1. Modify the vendor description file to add a `patch_repo` section.
   - The `url` parameter specifies the URL to the fork of the upstream repository containing all modifications.
   - The `rev_base` is the base revision, typically the `master` branch.
   - The `rev_patched` is the patched revision, typically the name of the branch with your changes.

    ```
    patch_repo: {
      url: "https://github.com/lowRISC/riscv-dbg.git",
      rev_base: "master",
      rev_patched: "changes",
    },
    ```

2. Create commit and push to the forked repository.
   Make sure to push both branches to the fork: `rev_base` **and** `rev_patched`.
   In the example above, this would be (with `REMOTE_NAME_FORK` being the remote name of the fork):

   ```command
   git push REMOTE_NAME_FORK master changes
   ```

3. Run the `vendor_hw` tool with the `--refresh-patches` argument.
   It will first check out the patch repository and convert all commits which are in the `rev_patched` branch and not in the `rev_base` branch into patch files.
   These patch files are then stored in the patch directory.
   After that, the vendoring process continues as usual: all patches are applied and if instructed by the `--commit` flag, a commit is created.
   This commit now also includes the updated patch files.

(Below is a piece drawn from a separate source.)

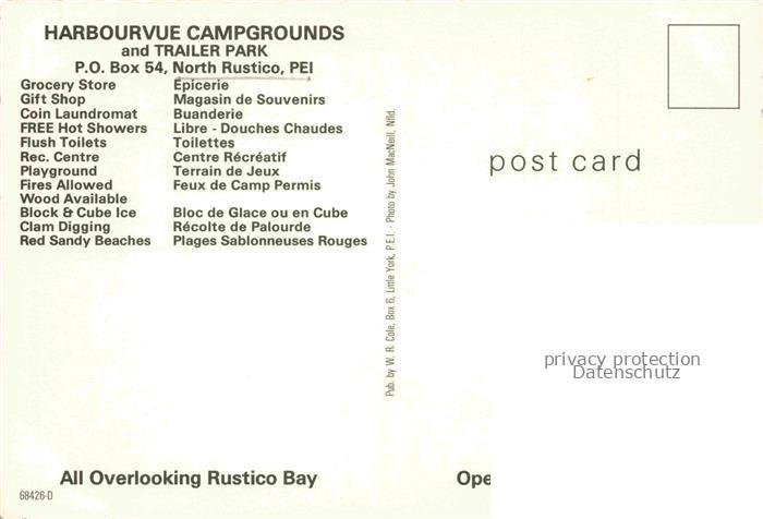 74091422 North Rustico Prince Edward Island Canada Harbourvue Campgrounds and Trailer Park Fliegeraufnahme postalisch nicht gelaufen Erhaltung siehe scans [WerneD78] KatCode: 14110

To update the patches you can use all the usual Git tools in the forked repository.

- Use `git rebase` to refresh them on top of changes in the upstream repository.
- Add new patches with commits to the `rev_patched` fork.
- Remove patches or reorder them with Git interactive rebase (`git rebase -i`).

It is important to update and push *both* branches in the forked repository: the `rev_base` branch and the `rev_patched` branch.
Use `git log rev_base..rev_patched` (replace `rev_base` and `rev_patched` as needed) to show all commits which will be turned into patches.